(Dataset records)
⟨

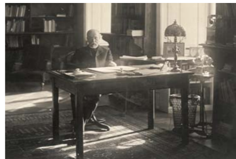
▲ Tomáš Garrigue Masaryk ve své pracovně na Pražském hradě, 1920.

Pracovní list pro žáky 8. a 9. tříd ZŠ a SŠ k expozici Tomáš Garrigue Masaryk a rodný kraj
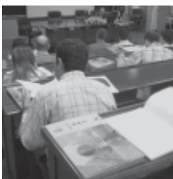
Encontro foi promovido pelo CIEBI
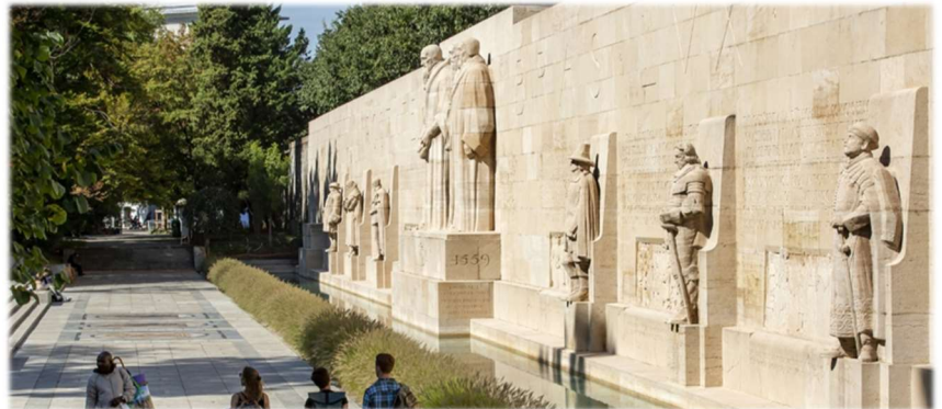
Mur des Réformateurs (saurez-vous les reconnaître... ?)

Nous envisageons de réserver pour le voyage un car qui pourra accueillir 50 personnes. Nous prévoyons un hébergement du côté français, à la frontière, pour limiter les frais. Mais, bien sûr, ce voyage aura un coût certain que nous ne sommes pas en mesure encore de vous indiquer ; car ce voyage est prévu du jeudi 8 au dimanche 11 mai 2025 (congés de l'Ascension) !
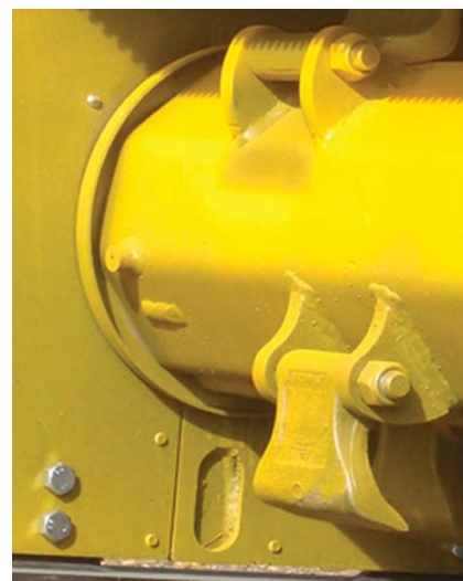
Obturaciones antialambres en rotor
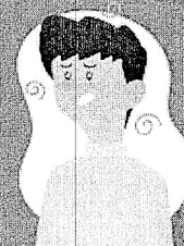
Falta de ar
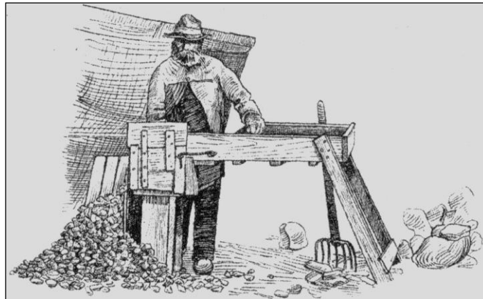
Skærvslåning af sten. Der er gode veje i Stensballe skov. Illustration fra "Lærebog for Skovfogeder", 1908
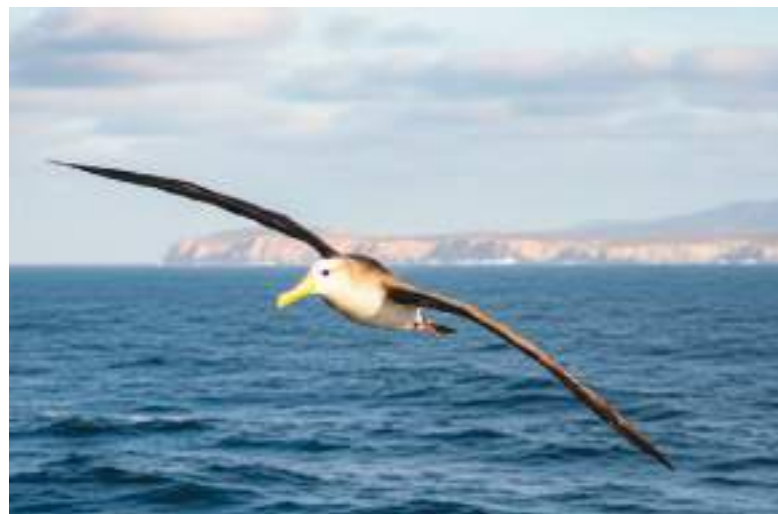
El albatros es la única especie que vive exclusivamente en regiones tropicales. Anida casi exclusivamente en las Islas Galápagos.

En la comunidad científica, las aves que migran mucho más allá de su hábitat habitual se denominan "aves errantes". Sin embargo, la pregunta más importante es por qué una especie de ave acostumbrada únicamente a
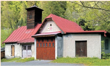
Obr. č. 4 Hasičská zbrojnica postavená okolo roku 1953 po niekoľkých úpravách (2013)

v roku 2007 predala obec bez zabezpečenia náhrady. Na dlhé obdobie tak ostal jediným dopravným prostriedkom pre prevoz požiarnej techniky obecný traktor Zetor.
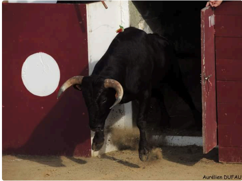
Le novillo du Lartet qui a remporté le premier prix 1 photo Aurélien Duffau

⟩

What needs to be done :: Locate the word "Garrigue" in the records above, and return each line that has it.

Task answer ::
▲ Tomáš Garrigue Masaryk ve své pracovně na Pražském hradě, 1920.
Pracovní list pro žáky 8. a 9. tříd ZŠ a SŠ k expozici Tomáš Garrigue Masaryk a rodný kraj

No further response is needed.